Another ready-made reality filter was the dull, Caucasian
Christianity I inherited unquestioningly. Edged with shadows of Scandinavian
gloom, girded with the magical power of repression, my Midwest Lutheranism
contained a unified conception of the cosmos on every level, neatly anchored by
profoundly powerful and somewhat grumpy allfather. Even after I lost faith,
that context slotted me into reality, gave me a standpoint to work from. I
found a way to contain my terror of being randomly buffeted about by my senses
and the thoughts and feelings they stirred.
By the mid-‘70s, though, we had all given up on church. I
was still working my way through the local library, quite literally. (I nailed
the children’s’ library in about a year and a half. My mother had to sign off
on me checking out insane armloads from the adult side after that.) By now I
was thoroughly aware of the nature of the universe and my place in it. It just
wasn’t especially thrilling. I could function, and did, grayly, senses turned
down.
Then I hit “potrzebie.” It wasn’t even being used as a punchline!
Like many a mental hotfoot, it was slipped in casually. No matter how anxious I
was to make sense of it, I couldn’t.

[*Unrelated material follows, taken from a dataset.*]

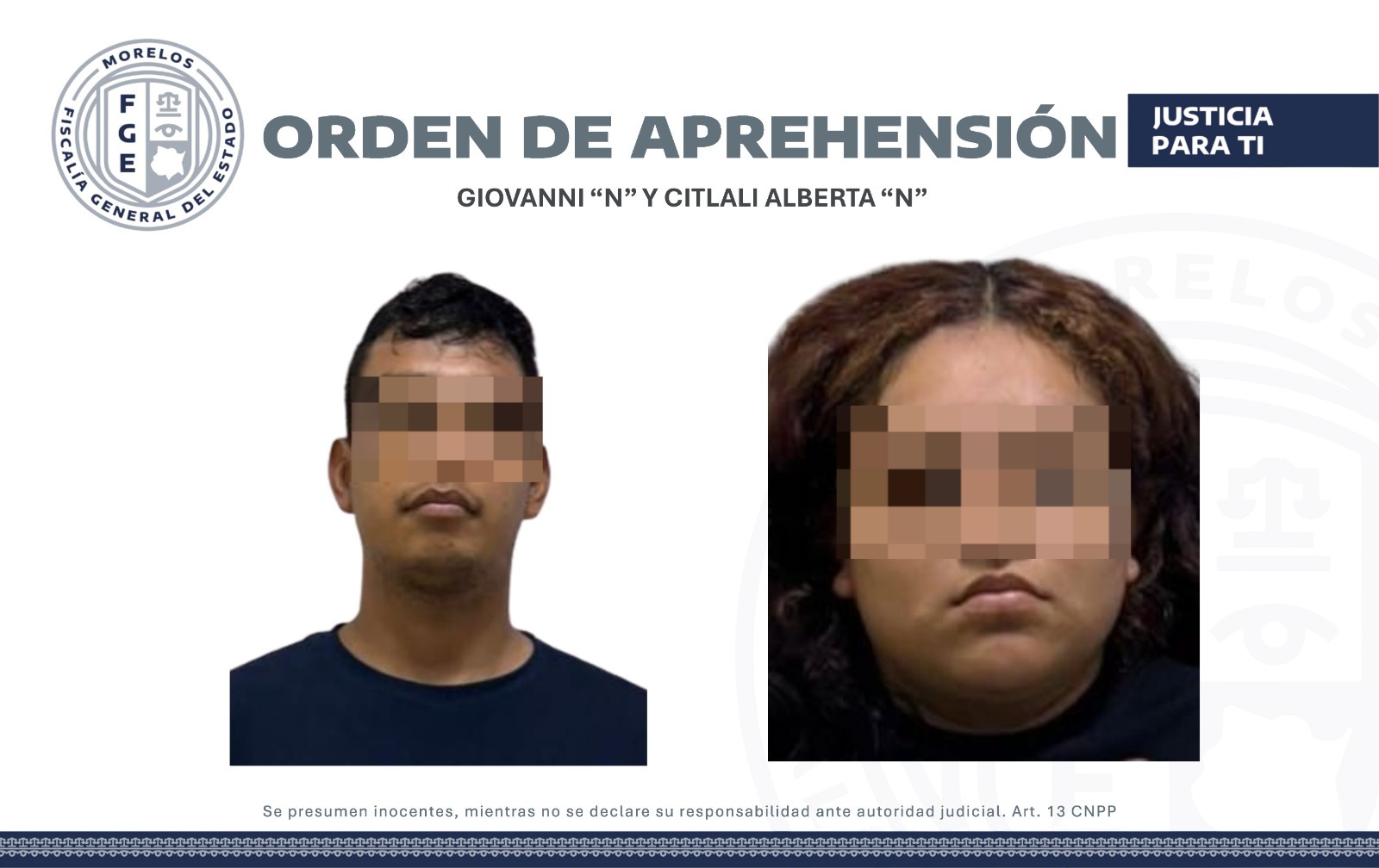Elementos de la Agencia de Investigación Criminal (AIC) de la Fiscalía Regional Sur Poniente ejecutaron una orden de aprehensión en contra de Giovanni “N” y de Citlali Alberta “N”, por la probable comisión del delito de robo calificado, en hechos suscitados en el municipio de Jojutla.

I wasn’t sure of much, but I did know my
vocabulary words. This was not among them. Our house dictionaries, and those of
the local library, provided not a clue. I am sure I had read “Jabberwocky” by
that time, but somehow the concept of the non-sequitir still escaped me. Now it
hit me between the eyes like a ballpeen hammer, a one-word, Borscht Belt Zen
koan that exploded my mind.
I short-circuited. I laughed hysterically. Here was a
gratuitous, fabricated formation of letters, could mean anything, could mean
nothing, thrown onto the page without let or hinder, heedless of the laws of
usage. It not only ignored the needs of the reader, it mocked them.
[Backstory: “Potrzebie” is a Polish word meaning “a need.”
Harvey Kurtzman ran across it in a list of instructions in multiple languages
that came with a bottle of aspirin. He cut it out, copied it, and started pasting
it into the backgrounds of random Mad stories. It caught on, along with other
classic Mad neologisms as furshlugginer, veeblefetzer, ecch, blecch, hoohah, fladdap,
and shtoink. A satiric Potrzebie System of Weights and Measures persists in
those pages to this day.]
And it invited you to mock along. It denied meaning. My tiny
little mind didn’t know this yet, but Kurtzman was dipping into the same well
of absurdity as the Surrealists. The waves of Eurosilliness ran through Lear,
Carroll, Jarry, Joyce, and Ionesco, and quickly migrated into lower-brow
artists such as Benchley, Perelman, Spike Milligan, Ernie Kovacs, Bob and Ray, and
of course Mad.
“Potrzebie” gave me the power to step outside the dull,
orderly system of consensual reality. Meanings were arbitrary, and, at base,
silly and funny. And all my mental constructs went from stone to Jell-O. I was
connected to unmediated experience again, without the terror of being
overwhelmed by it. Life was laughable, was enjoyable. And I started creating. I
didn’t know it, but I was doomed to a life of comedy.
This newly provisional reality could be tested for validity
with the Sword of Potrzebie. Any given person, organization, creed, plan,
system, was permeable, subject to the erosion of humorous query, skepticism,
mockery, lampoon, and parody. The simple addition of the tiny word “potrzebie”
into any magnificent but false landscape would explode it, set it aflame, bring
it crashing down.
Not that this approach doesn’t have its dangers. Humor
strips away superfluities. Like many young comics, I couldn’t tell the
difference between myself and my act. I single-mindedly tore everything apart, including
people, looking for material. To deny the meaning of everything is an untenable
place from which to live – I tried it and it didn’t work.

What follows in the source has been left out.